I will admit that I do not know what to do about the possibility of Iran getting nuclear weapons. It would be a terrible thing if Iran got the bomb (consider what North Korea can get away with because it has nuclear weapons). But do we really have the military capability to prevent Iran from getting a bomb? Just because we want to have the capability, doesn’t mean we do. It would be hard. This wouldn’t be like sending a group of Navy SEALs in to kill Osama Bin Laden.
When Israel bombed the nuclear facility Iraq was building in 1981, one of the things that helped Israel was surprise. Surprise was also very important in Israel’s attack on a Syrian nuclear reactor in 2007. At this point, there will be no surprise in any attack on Iran, which would make the attack that much harder, and which has given Iran a chance to prepare for such an attack.

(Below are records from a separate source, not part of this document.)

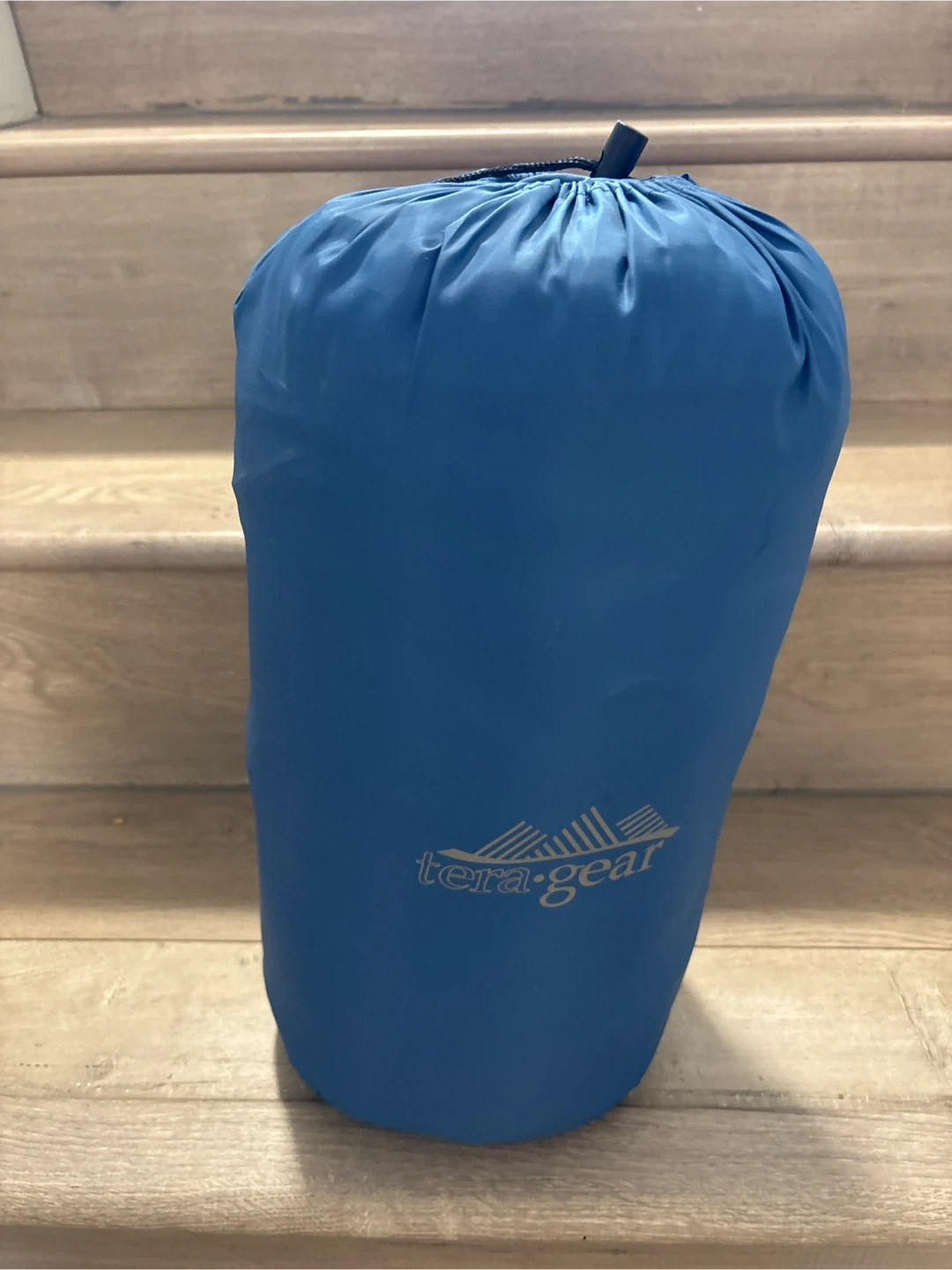 This blue Tera Gear sleeping bag is in perfect condition. It includes a stuff sack for easy transport. Perfect for camping trips!
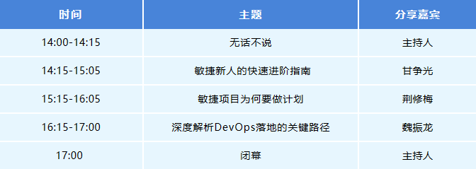 【活动地点】徐家汇区漕溪北路339号百脑汇商场4楼-滔滔堂新人如何从0到1快速上手敏捷管理方法,小白如何快速开启敏捷项目转型,如何在没有任何经验的情况下成功落地敏捷实践呢?甘争光老师将结合自身多年敏捷项目管理一线实战经验,手把手地教会你如何导入敏捷管理,并成功落地实践。帮助正处在转型迷茫期的敏捷新人,开启个人的敏捷之旅。
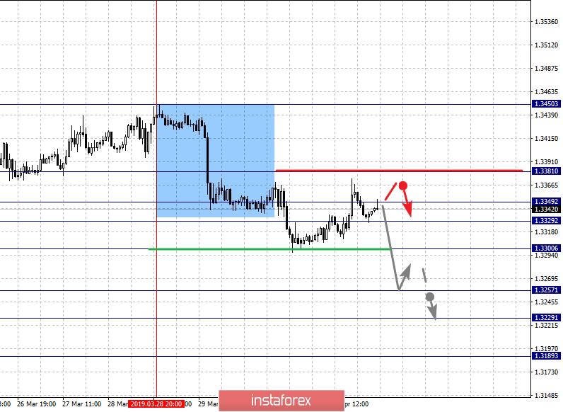 Консолидированное движение возможно в коридоре 1.3329 – 1.3349, пробой последнего значения приведет к затяжной коррекции, здесь цель – 1.3381, этот уровень является ключевой поддержкой для нисходящей структуры от 28 марта.
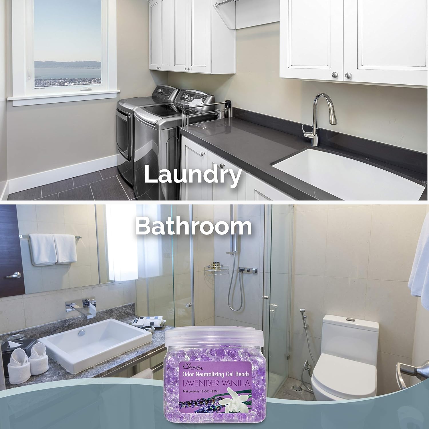 Clear Air Odor Eliminator Gel Beads - 12 oz, Pack of 2 - Air Freshener Made with Essential Oils - Eliminates Odors in Bathrooms, Cars, Boats, RVs & Pet Areas - Lavender Vanilla Scent
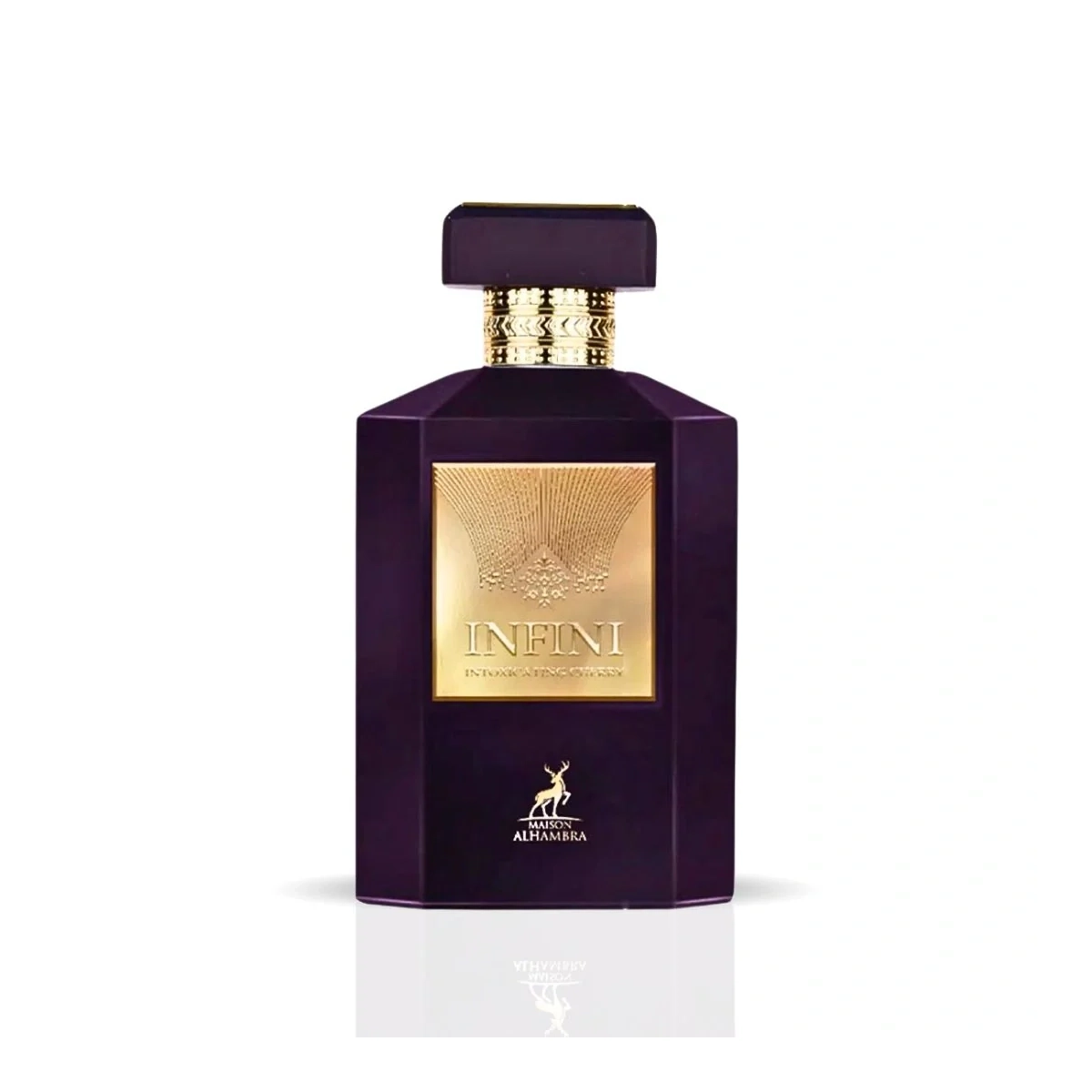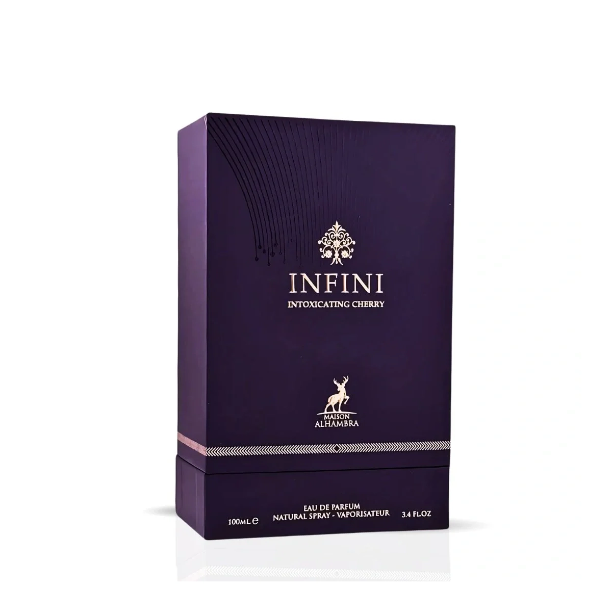 Infini Intoxicating Cherry josh me qershi pikante (piper i zi/rozë) dhe një zemër me konjak e hedione; baza e duhanit, vaniljes, tonkës, kedrit, patchouli-t jep ngrohtësi të thellë gourmand me elegancë të sofistikuar.
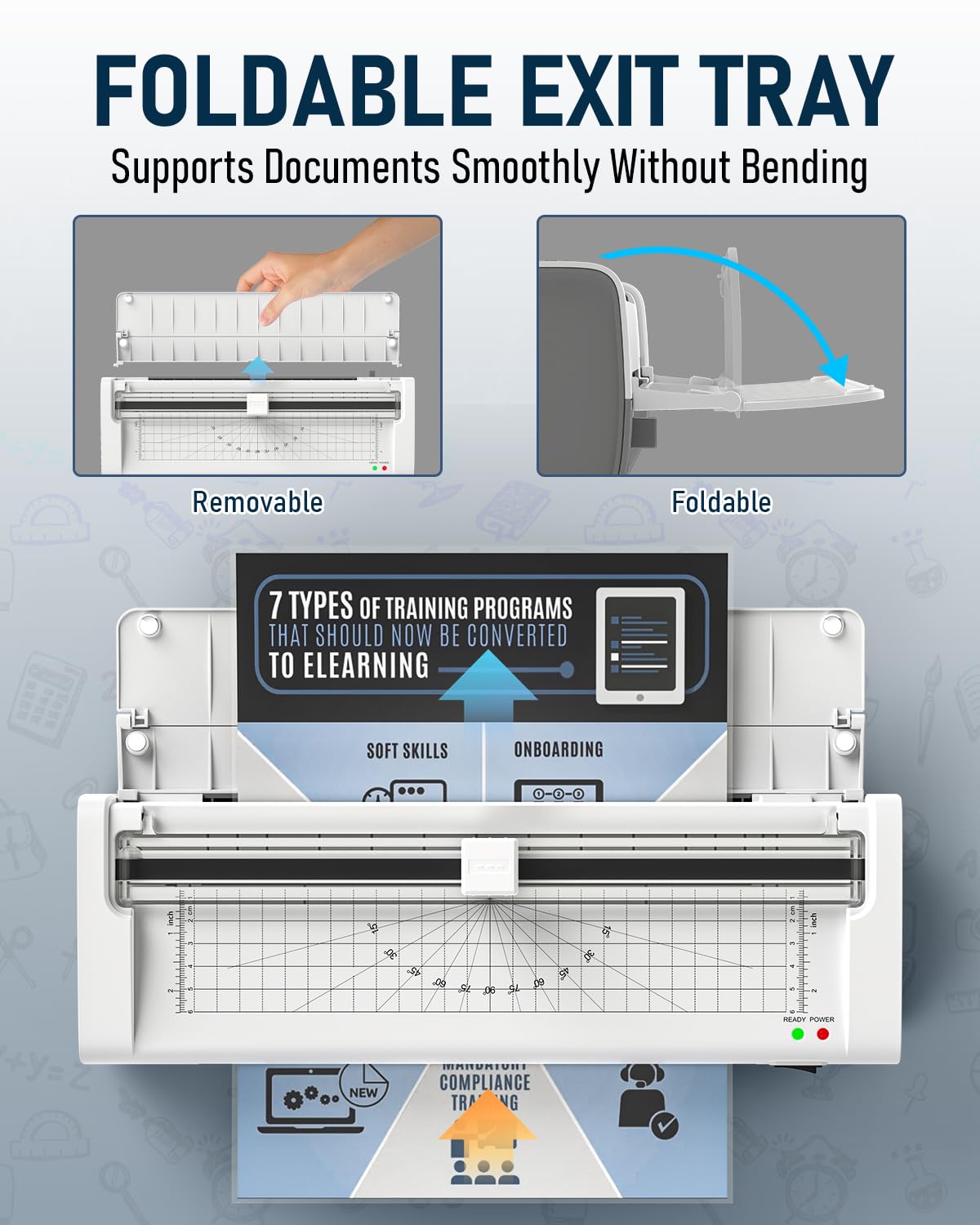 - Back-to-School Season Laminator of Choice: Unlike the regular model, this thermal laminator machine is equipped with a folding tray that precisely guides and supports the paper. This ensures a smooth and even lamination process and prevents paper from warping or slipping. Even fragile certificates, drawings and teaching materials are protected from stains and scratches. This is a reliable protection solution for valuable teaching materials and learning achievements

Also, even if we really could do it from a purely technical point of view, what are the diplomatic costs and other ramifications of doing it? Obviously, diplomatic costs aren’t the only factor, and they don’t get to decide the question by themselves, but they are a factor and they need to be considered. What would be worse, a world in which Iran had nuclear weapons or a world in which we forcibly stopped Iran from getting nuclear weapons and countries and people throughout the Middle East turned violently against us? I don’t know. The future is a hard place to predict, and one should not assume the answers are easy.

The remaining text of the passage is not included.